## The task
For the data that follows, print the line with "General Thoughts: US", the line with "寺脇 灯出三さんを姓名の画数から五運を鑑定", and all lines between them, exactly as they stand. Omit pictures and add nothing.

## Input data
Content starts
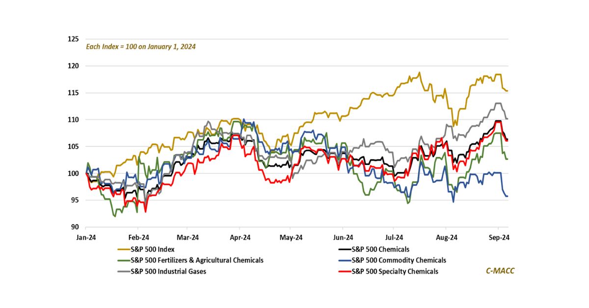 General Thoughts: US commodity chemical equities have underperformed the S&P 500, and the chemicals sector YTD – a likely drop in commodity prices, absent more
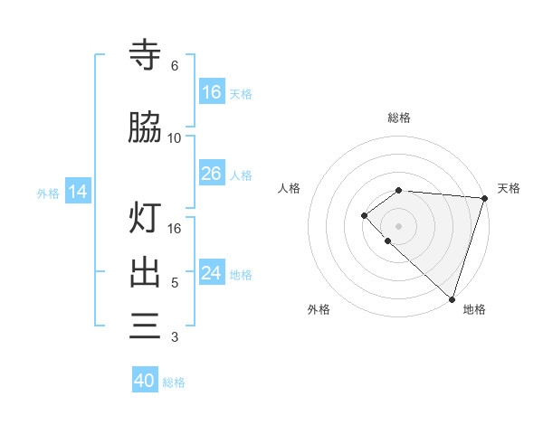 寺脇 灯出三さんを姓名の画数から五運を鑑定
Content ends
Content starts
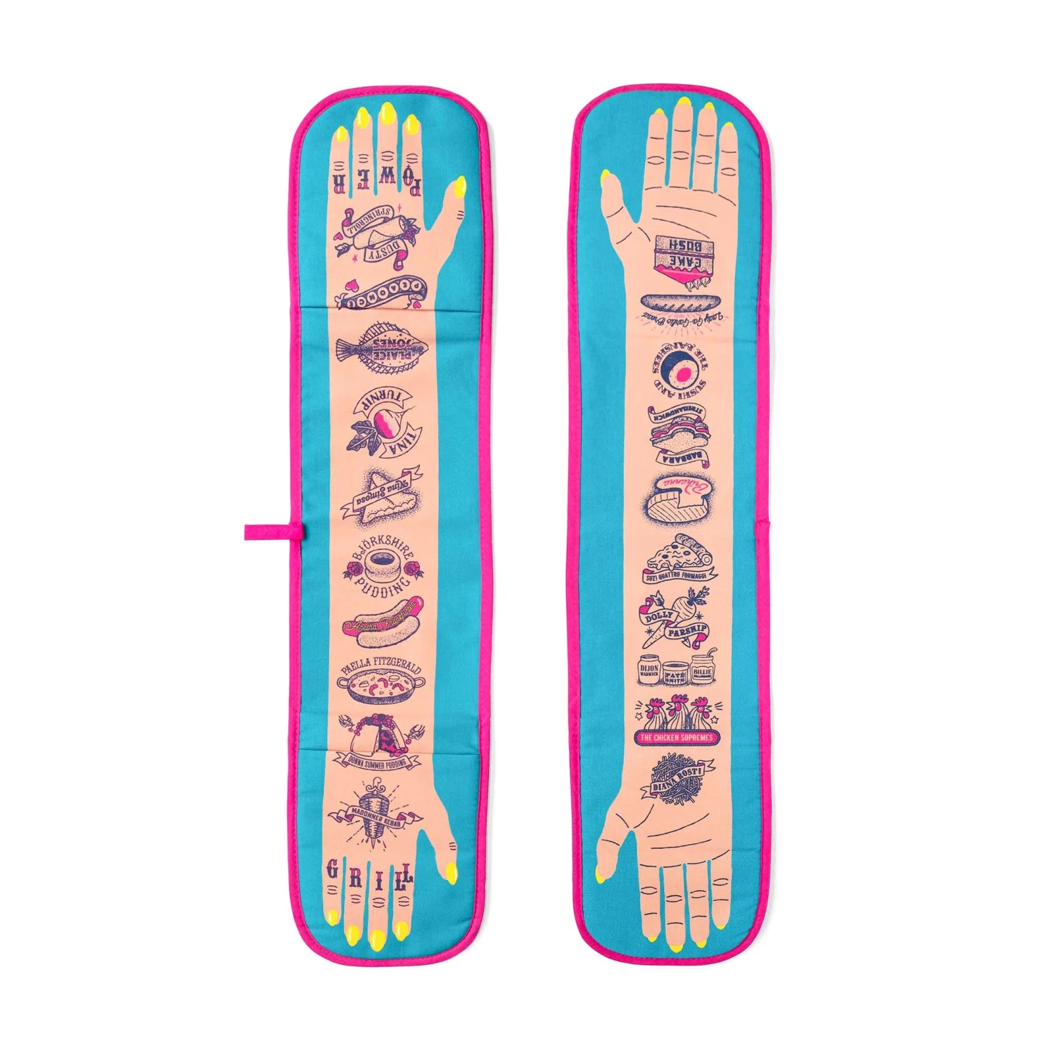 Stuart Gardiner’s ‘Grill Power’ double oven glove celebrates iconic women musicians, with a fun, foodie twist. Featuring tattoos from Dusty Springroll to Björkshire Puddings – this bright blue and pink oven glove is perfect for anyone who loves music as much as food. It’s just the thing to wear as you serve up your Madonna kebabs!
Content ends
## Response area
 General Thoughts: US commodity chemical equities have underperformed the S&P 500, and the chemicals sector YTD – a likely drop in commodity prices, absent more
 寺脇 灯出三さんを姓名の画数から五運を鑑定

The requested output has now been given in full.